On a lonely hilltop in Wyoming, Dr. Don Bruns will be attempting to replicate a famous experiment. If he succeeds, not only will he have pulled off something that’s only been done twice before, he’ll provide yet more evidence that Einstein was right.
Back in 1915, Albert Einstein first presented a set of field equations he had been working on for eight years. After publishing his Special Theory of Relativity, he searched for ways to work gravitation into his new framework, and finally hit upon a set of nonlinear and fiendishly difficult equations that describe how space and time must curve under the influence of matter and radiation.
The physics community took a keen interest in Einstein’s General Theory of Relativity and began looking for ways to prove it. One of the predictions of the theory is gravitational lensing, or the deflection of light by massive bodies (lensing is also a prediction of Newtonian physics, but Einstein’s field equations predict about twice the deflection of light as the classical model). Measuring this effect, though, is no mean feat, mainly because the one thing massive enough and close enough to quantifiably bend light also happens to be really bright itself — the Sun.
What was needed was a total solar eclipse, and conveniently enough, one would occur in May of 1919. With only four years to go, and with the world torn by war, Sir Arthur Stanley Eddington planned a scientific expedition to the island of Principe off the west coast of Africa. He took a series of photographs of stars in the Hyades cluster, and through careful measurement found that Einstein’s predictions were correct. The publication of his results the next year made a huge splash in the popular press, instantly catapulting Einstein into the public eye and kicking off the age of Relativity.
Easier Said Than Done
Curiously, although many other experiments were later conducted to further bolster General Relativity, the Eddington eclipse experiment wasn’t repeated until over half a century later. It’s easy to understand why, though. First, total solar eclipses aren’t exactly common phenomena, and ones that make landfall in accessible locations with at least the hope of good viewing conditions are rare indeed. And until recently, the equipment needed to capture high-quality images with enough precision to measure the vanishingly small gravitational influence of our modest little star was bulky, finicky, and heavy. The sole repeat of the Eddington experiment was a 1973 expedition, again to Africa, that used 6 tons of equipment to generate a single usable image on a 12″ glass plate. The data from the image was good enough to confirm the Eddington results, though.

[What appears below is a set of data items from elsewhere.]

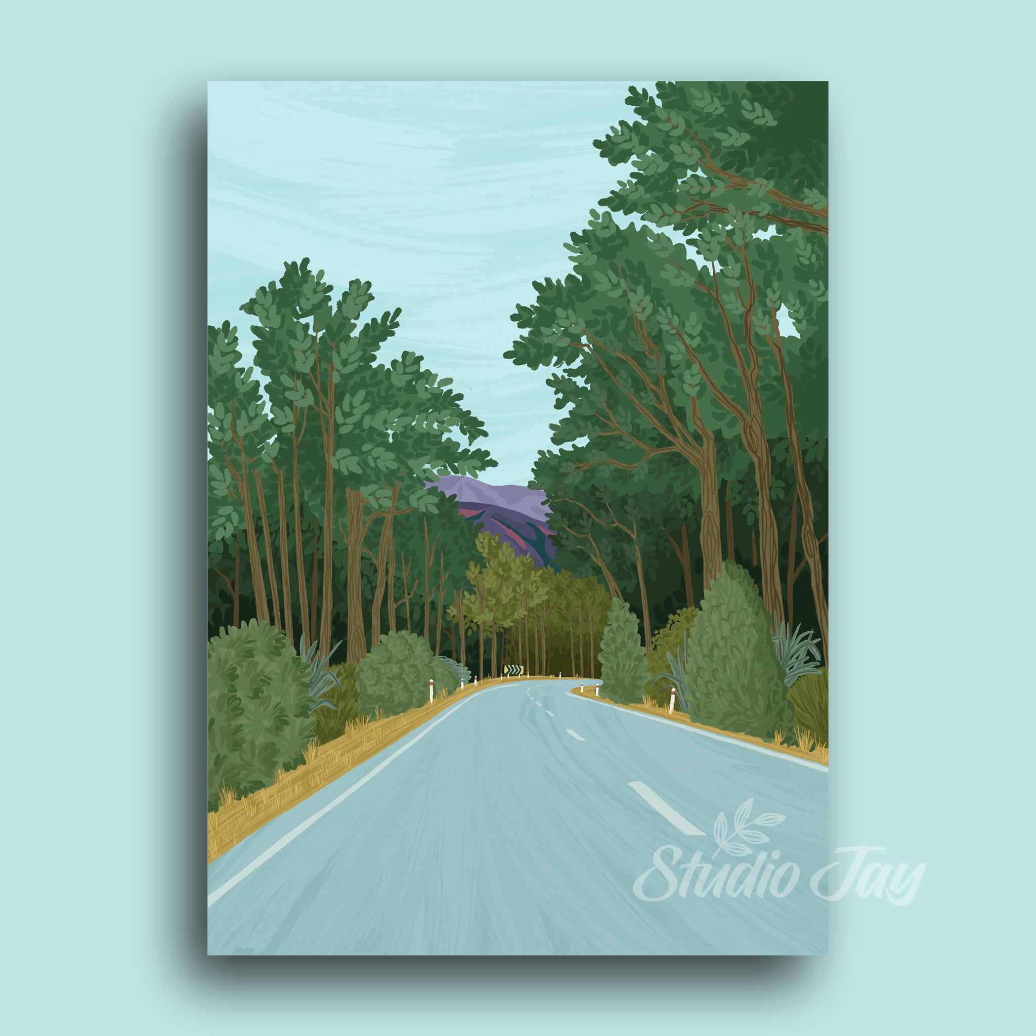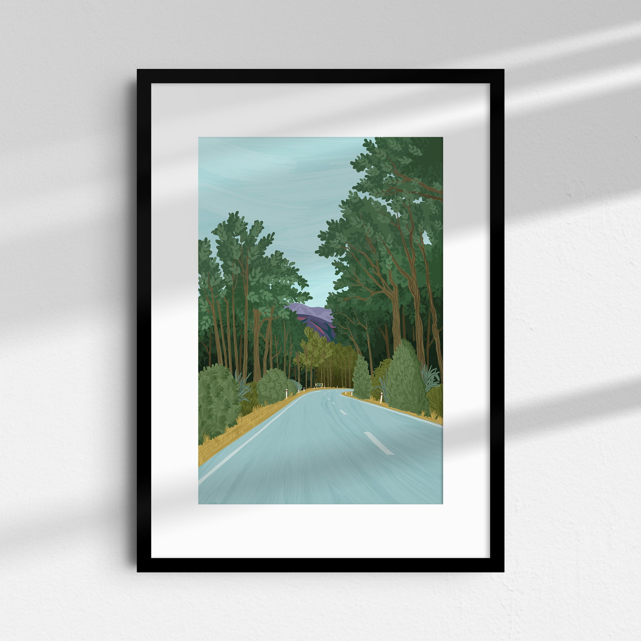 Original illustration print titled "West Coast Green" from The Road Trip Collection.
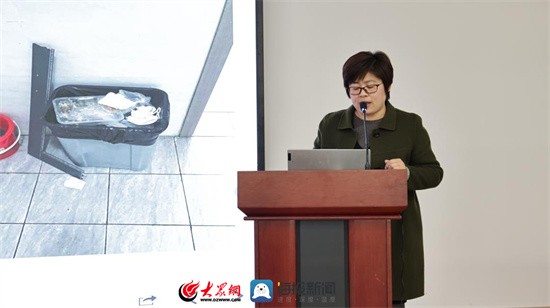 邸湘红主任对校园卫生检查发现的问题、学校卫生现状进行总结,并强调了潍坊新华中学校园环境卫生管理制度以及卫生检查标准。
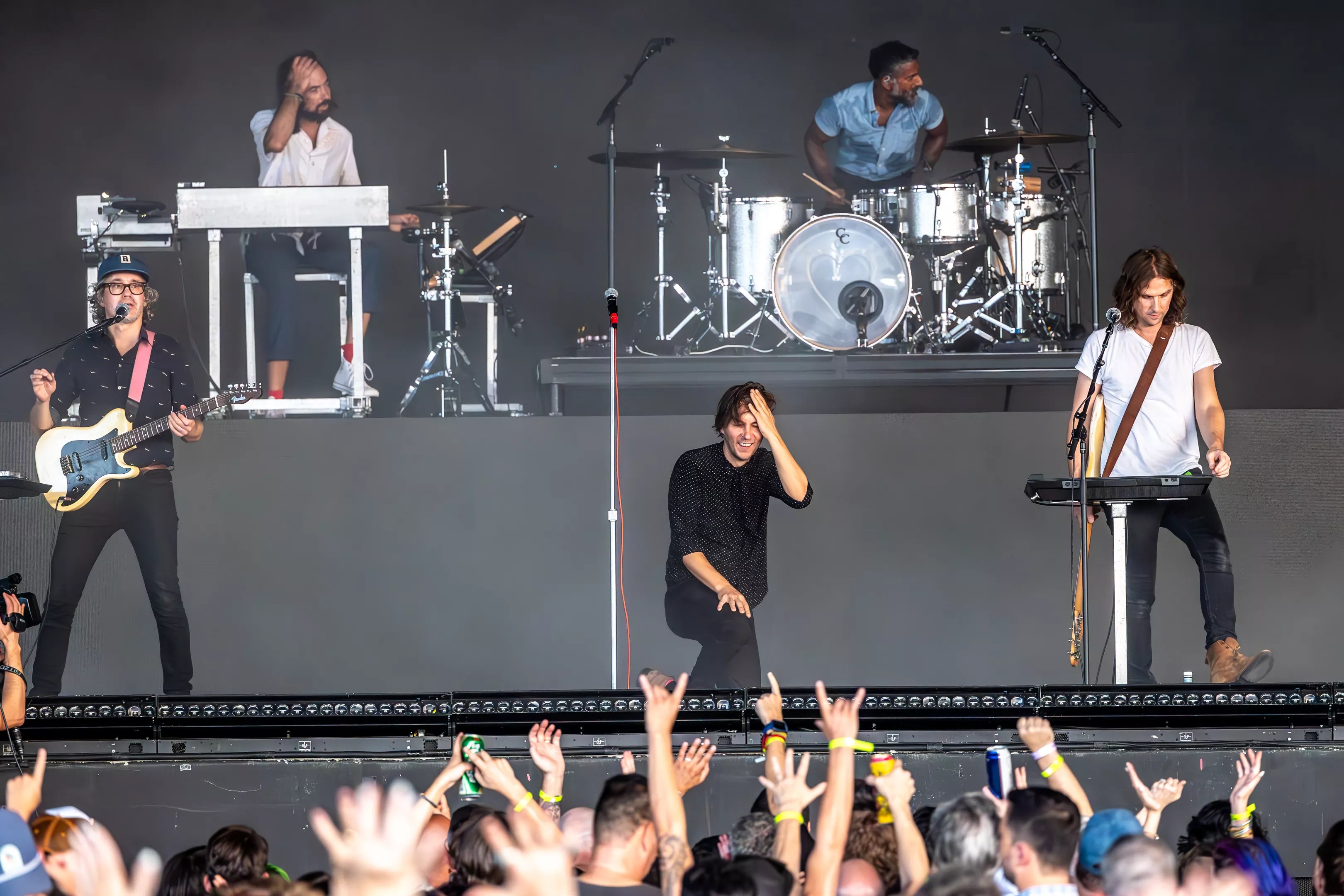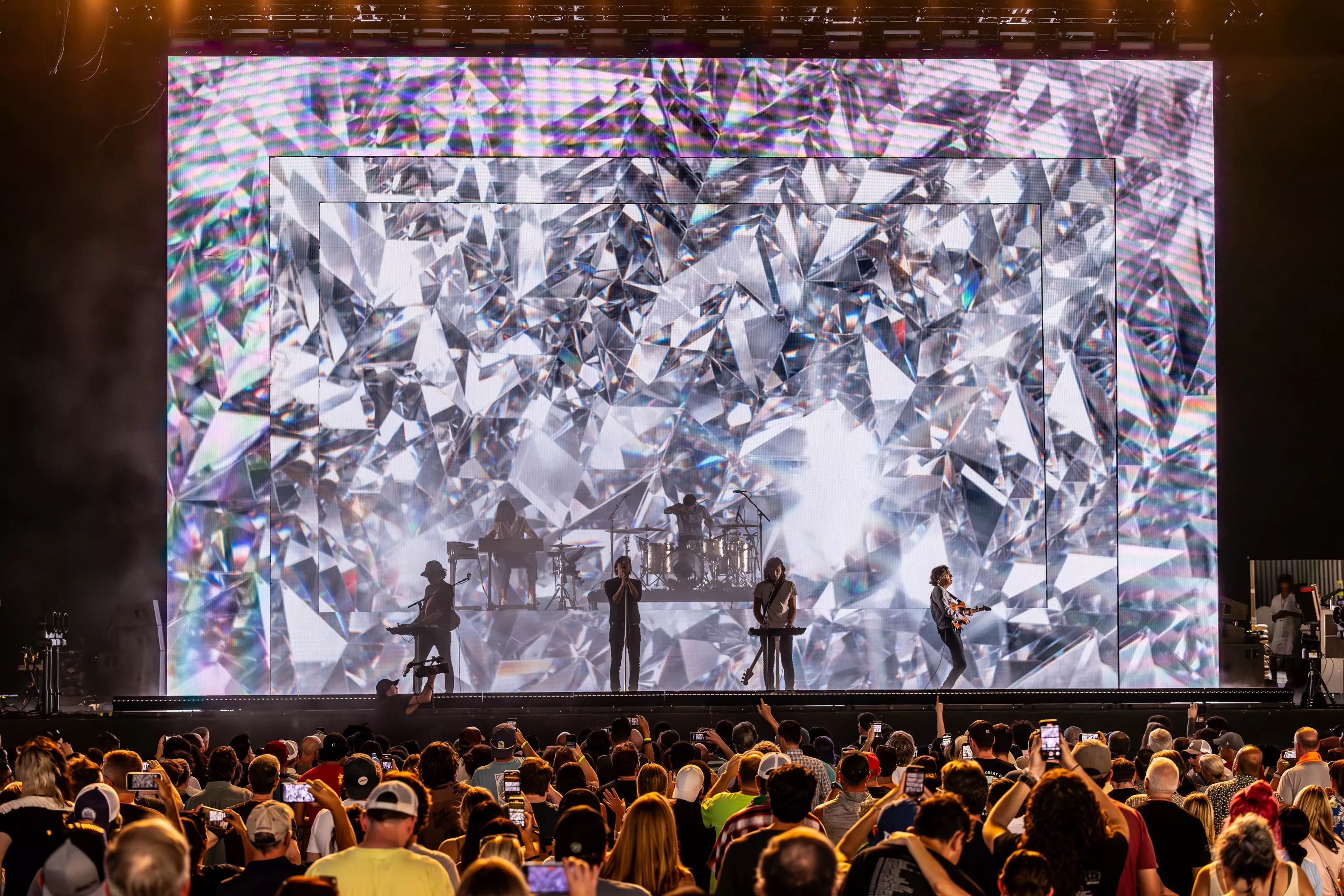 Once the sun was almost behind the back wall, the first headliner of the night hit the stage. Phoenix is one of the most successful French rock bands to break through in the States. They formed in ’95 and won a Grammy for Best Alternative Music Album with their breakthrough album Wolfgang Amadeus Phoenix. Although it took a little while for it to get dark enough, the lights and video show were outstanding.

Advances in optics have made replication of the original experiment a more approachable endeavor lately, but there’s not much call for optical verification of a theory that’s been repeatedly verified by other methods over the last century. In fact, for confirmation of both General and Special Relativity, you need look no further than your smartphone, which uses both equations to correct the time signals from the cloud of GPS satellites orbiting overhead. That’s millions of verifications of the theory, every second of every day.
So why is Don Bruns bothering? Why will he be on that Wyoming mountain, praying for clear skies and low winds? Why has he rounded up the best amateur astronomy gear he can find, made multiple dry runs, scouted locations, and even gotten permission to pour a concrete pad to ensure his telescope won’t move during the two minutes of totality? Why has he gone to the extremes he has?

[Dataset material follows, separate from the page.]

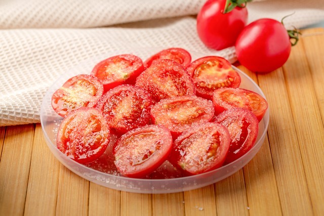 2、将切好的西红柿放入碗中,加入白糖,搅拌均匀,放置10分钟左右,待白糖融化,西红柿出汁即可。
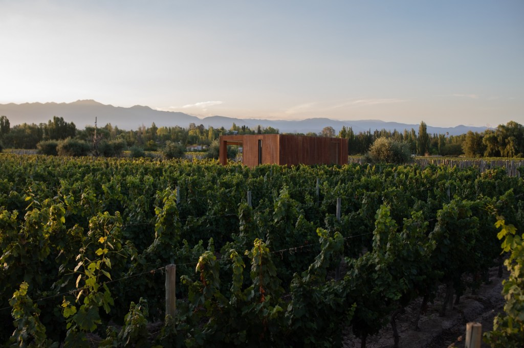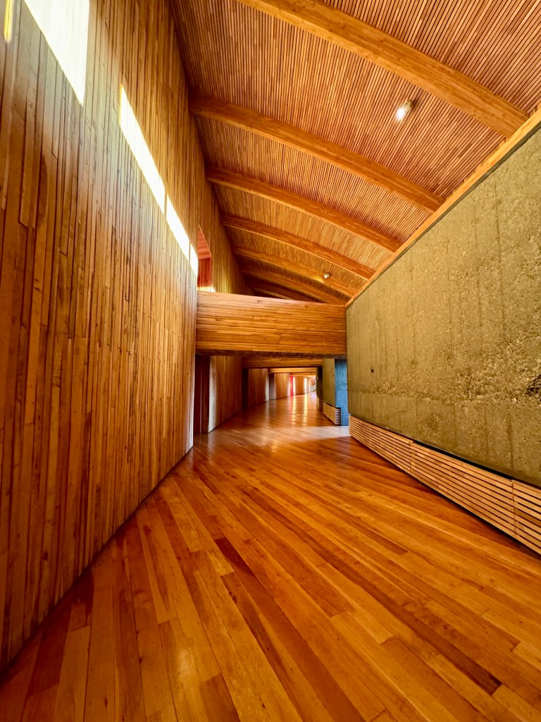 Its architects, Cazú Zegers, Rodrigo Ferrer, and Roberto Benavente, sought to create a structure with a sense of place, a geo-poetic work in which the key element was beech wood worked to resemble the texture of the old-time sheep barns on the ranches where they once dried the wool and leather.”

Don’s short answer is that he’s doing it for the challenge. When he first started mulling over the project, it seemed like the advances in optics, CCDs, and computers since 1973, not to mention since 1919, would make replication a breeze. As it turns out, 2017 will not be astronomical cake walk for Don. There are very few bright stars close enough to the sun to provide good points of reference, and the data on their non-deflected coordinates tends to be of poor precision. He needs to measure deflections on the order of 0.01 arcsecond. To put that into perspective, that would be like measuring the length of a pencil in Paris while observing it from New York.

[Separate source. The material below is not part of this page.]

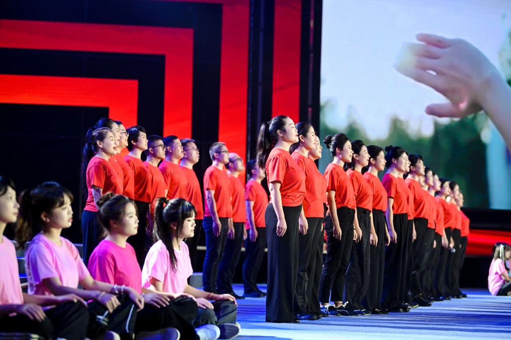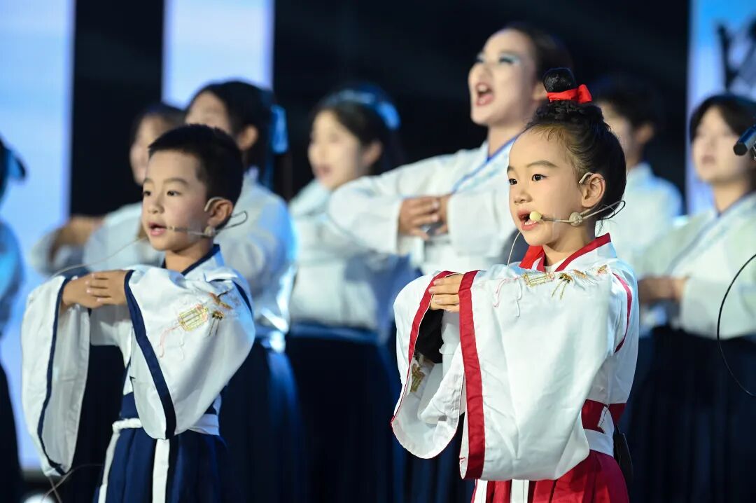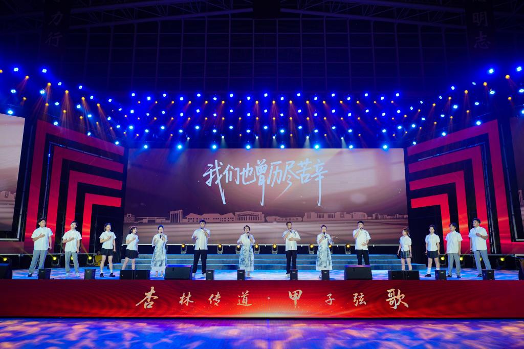 活动在歌舞《一起向未来》中拉开序幕。随后,在近两个小时的时间里,这场穿越甲子的节目,聚焦时代发展变迁和学校60年办学光辉历程中的重大事件,通过史诗朗诵、融合舞蹈、校园短剧、校友联唱、三代合唱等多种形式,集理论学习、艺术鉴赏、沉浸式体验于一体,为师生带来一场思想与艺术的盛宴,串联起一堂有温度、有深度、接地气,“声”入人心的“舞台上的思政课”。

Add to these challenges that Don has just over two minutes of totality, which is pretty short for a total eclipse, and an errant cloud, a gust of wind on his high Wyoming peak, or a forgotten detail could ruin years of effort. No matter what your background, as hackers we can all see that Don has set himself a lofty goal, and we can all relate to the stress he’ll be feeling as the Moon’s shadow comes racing toward his instrumented perch on August 21. As I’m watching totality end from my vantage point in Idaho, I’ll be thinking of Don and hoping that the stress turns into the elation that comes when everything works and your data gives you a glimpse of the workings of nature.